• _PROVIDED DATA_:
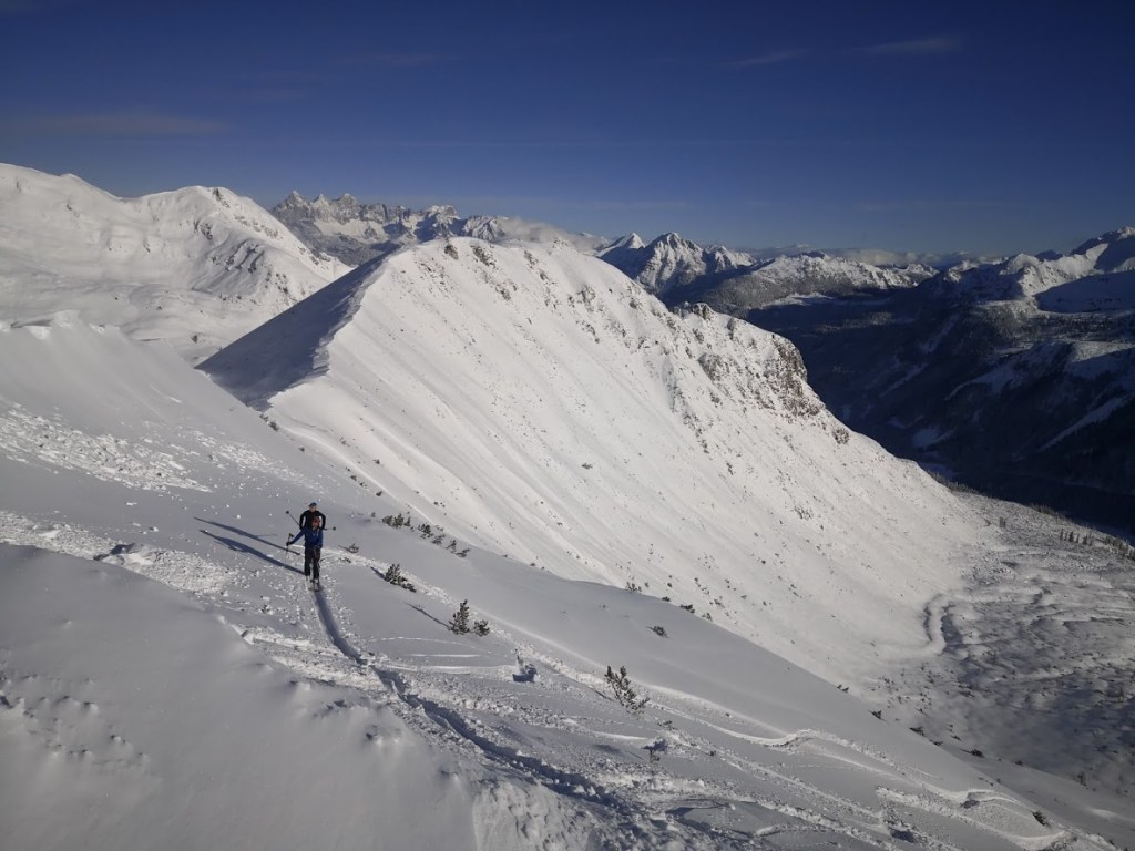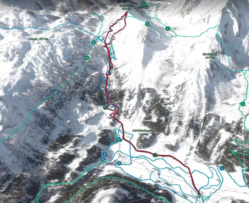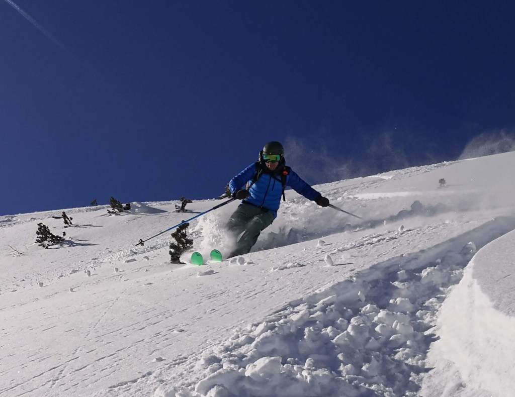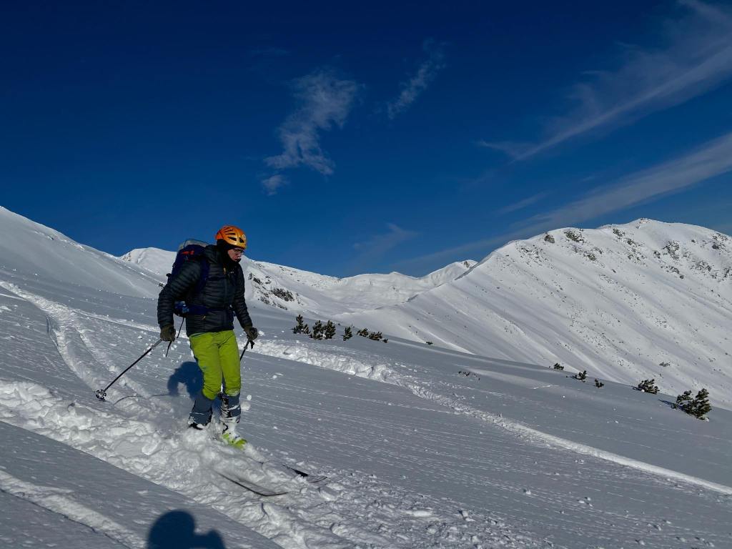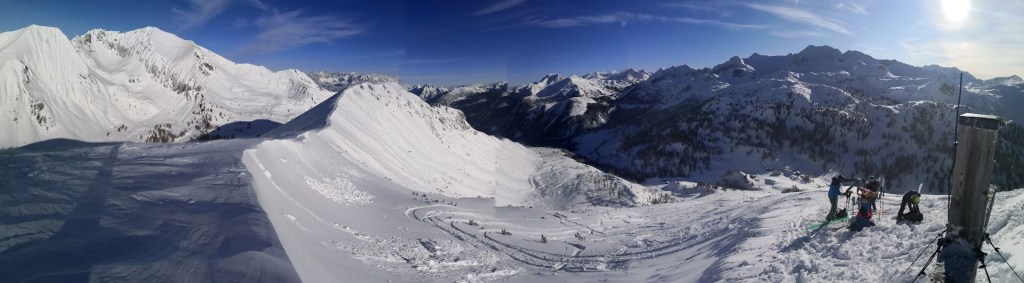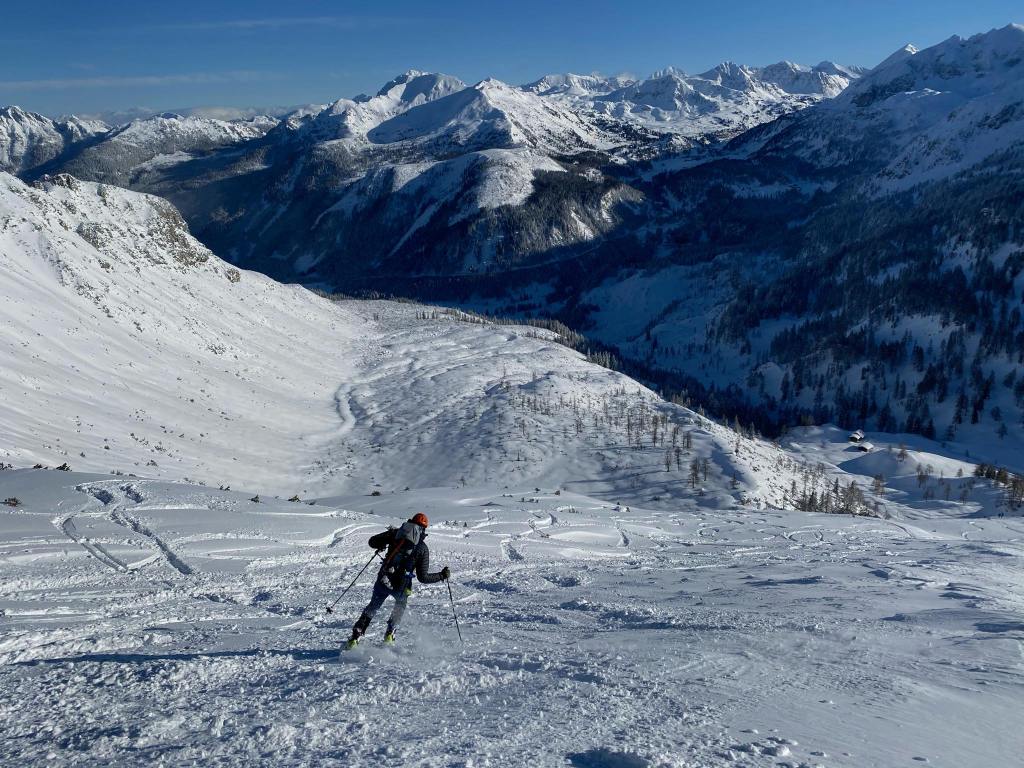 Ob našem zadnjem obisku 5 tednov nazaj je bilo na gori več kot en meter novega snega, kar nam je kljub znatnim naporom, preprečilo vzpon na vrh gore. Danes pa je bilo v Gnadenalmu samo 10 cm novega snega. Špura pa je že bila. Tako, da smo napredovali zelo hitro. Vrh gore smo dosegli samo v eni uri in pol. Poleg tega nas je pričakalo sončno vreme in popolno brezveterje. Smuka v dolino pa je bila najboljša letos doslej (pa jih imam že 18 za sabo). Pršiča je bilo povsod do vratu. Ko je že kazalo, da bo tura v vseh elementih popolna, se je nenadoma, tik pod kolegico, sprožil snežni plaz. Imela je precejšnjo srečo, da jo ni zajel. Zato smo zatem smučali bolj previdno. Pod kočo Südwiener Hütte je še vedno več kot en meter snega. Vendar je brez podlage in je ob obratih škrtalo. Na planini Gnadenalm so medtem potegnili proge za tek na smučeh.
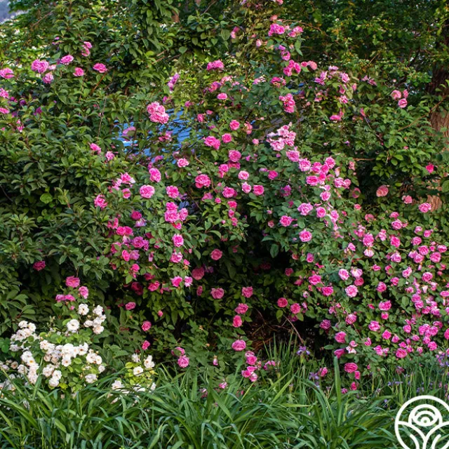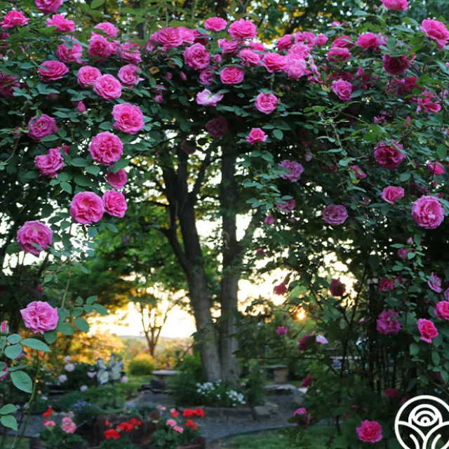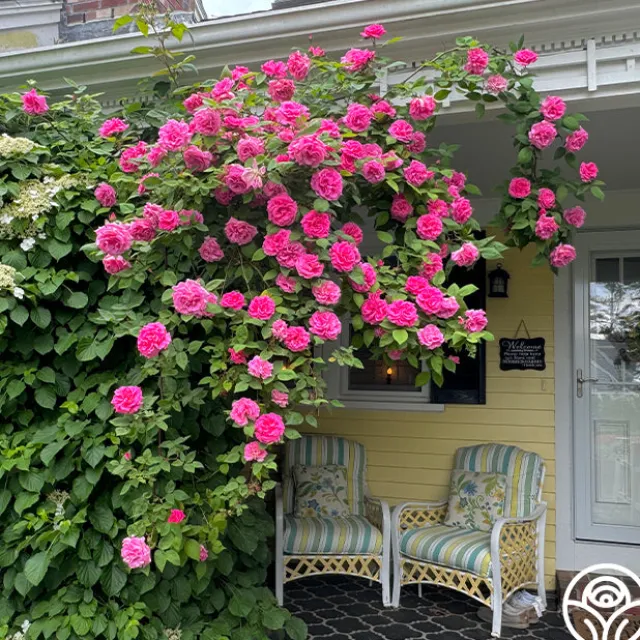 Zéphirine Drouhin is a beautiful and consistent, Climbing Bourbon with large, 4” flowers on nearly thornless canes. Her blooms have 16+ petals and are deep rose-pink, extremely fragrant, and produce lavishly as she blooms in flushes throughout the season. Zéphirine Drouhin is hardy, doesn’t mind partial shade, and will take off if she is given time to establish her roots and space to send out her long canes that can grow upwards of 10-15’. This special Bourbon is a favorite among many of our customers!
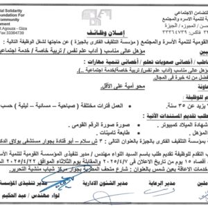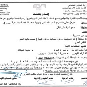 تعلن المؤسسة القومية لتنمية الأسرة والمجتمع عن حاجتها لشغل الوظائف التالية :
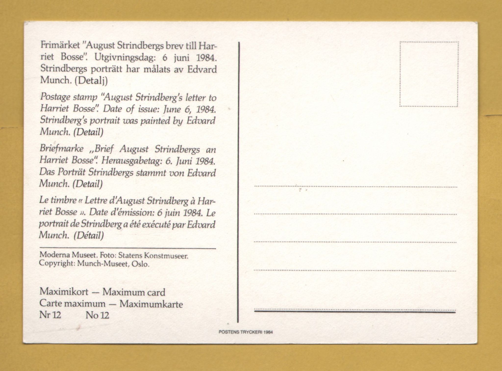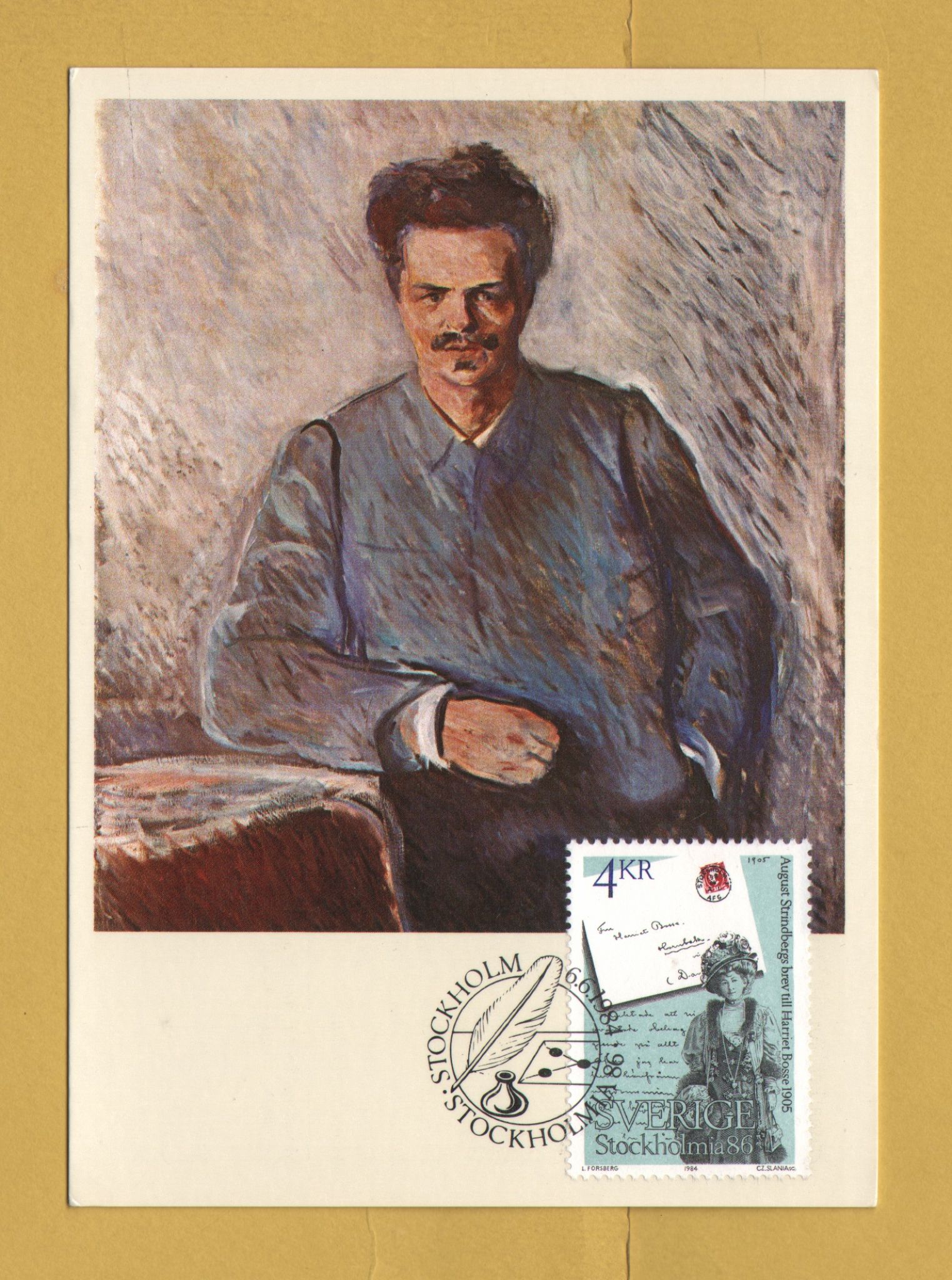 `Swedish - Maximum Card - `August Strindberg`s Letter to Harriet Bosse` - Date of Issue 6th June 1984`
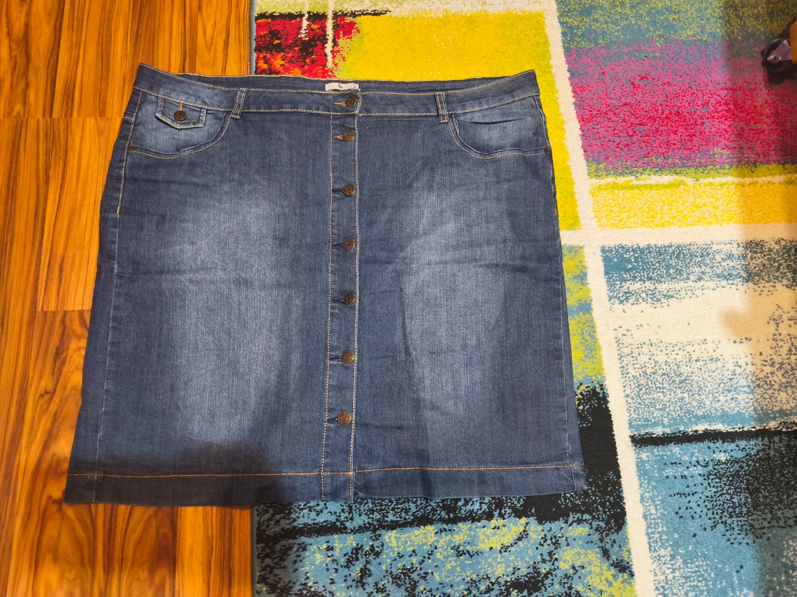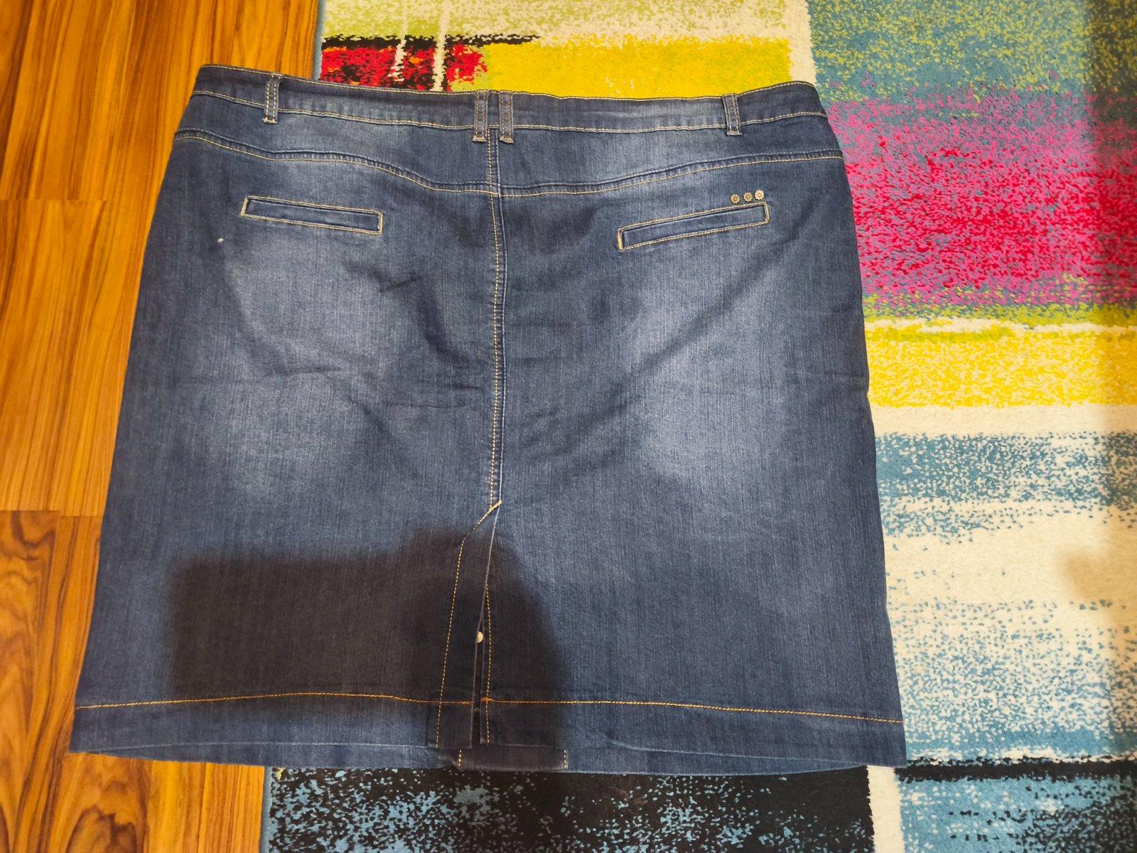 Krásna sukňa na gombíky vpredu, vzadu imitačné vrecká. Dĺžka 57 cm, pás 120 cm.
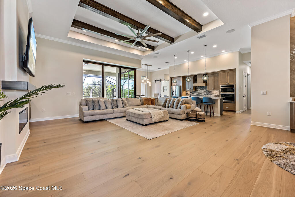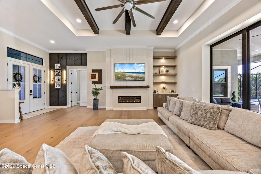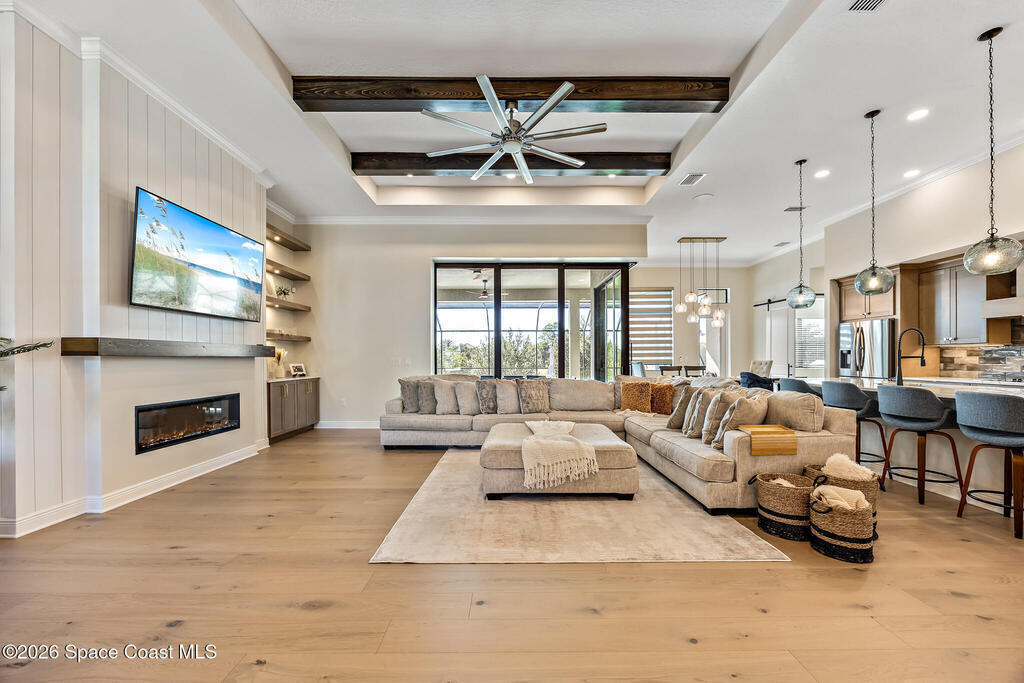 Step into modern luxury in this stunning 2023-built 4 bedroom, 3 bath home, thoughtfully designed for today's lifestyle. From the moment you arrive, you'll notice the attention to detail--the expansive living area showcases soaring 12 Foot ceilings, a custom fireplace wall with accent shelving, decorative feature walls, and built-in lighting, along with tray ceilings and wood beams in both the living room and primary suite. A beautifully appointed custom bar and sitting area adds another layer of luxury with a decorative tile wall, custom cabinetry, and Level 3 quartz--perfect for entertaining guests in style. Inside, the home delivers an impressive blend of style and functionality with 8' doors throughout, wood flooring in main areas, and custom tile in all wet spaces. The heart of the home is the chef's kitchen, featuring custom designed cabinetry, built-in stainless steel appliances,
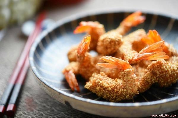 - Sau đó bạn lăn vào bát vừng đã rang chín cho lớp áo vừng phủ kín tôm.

• _EXERCISE INSTRUCTIONS_:
Would you transcribe the lines above exactly, going from the line bearing "Zéphirine Drouhin is a" through the line bearing "Step into modern", and drop the pictures from the copy?

• _ANSWER BOX_:
 Zéphirine Drouhin is a beautiful and consistent, Climbing Bourbon with large, 4” flowers on nearly thornless canes. Her blooms have 16+ petals and are deep rose-pink, extremely fragrant, and produce lavishly as she blooms in flushes throughout the season. Zéphirine Drouhin is hardy, doesn’t mind partial shade, and will take off if she is given time to establish her roots and space to send out her long canes that can grow upwards of 10-15’. This special Bourbon is a favorite among many of our customers!
 تعلن المؤسسة القومية لتنمية الأسرة والمجتمع عن حاجتها لشغل الوظائف التالية :
 `Swedish - Maximum Card - `August Strindberg`s Letter to Harriet Bosse` - Date of Issue 6th June 1984`
 Krásna sukňa na gombíky vpredu, vzadu imitačné vrecká. Dĺžka 57 cm, pás 120 cm.
 Step into modern luxury in this stunning 2023-built 4 bedroom, 3 bath home, thoughtfully designed for today's lifestyle. From the moment you arrive, you'll notice the attention to detail--the expansive living area showcases soaring 12 Foot ceilings, a custom fireplace wall with accent shelving, decorative feature walls, and built-in lighting, along with tray ceilings and wood beams in both the living room and primary suite. A beautifully appointed custom bar and sitting area adds another layer of luxury with a decorative tile wall, custom cabinetry, and Level 3 quartz--perfect for entertaining guests in style. Inside, the home delivers an impressive blend of style and functionality with 8' doors throughout, wood flooring in main areas, and custom tile in all wet spaces. The heart of the home is the chef's kitchen, featuring custom designed cabinetry, built-in stainless steel appliances,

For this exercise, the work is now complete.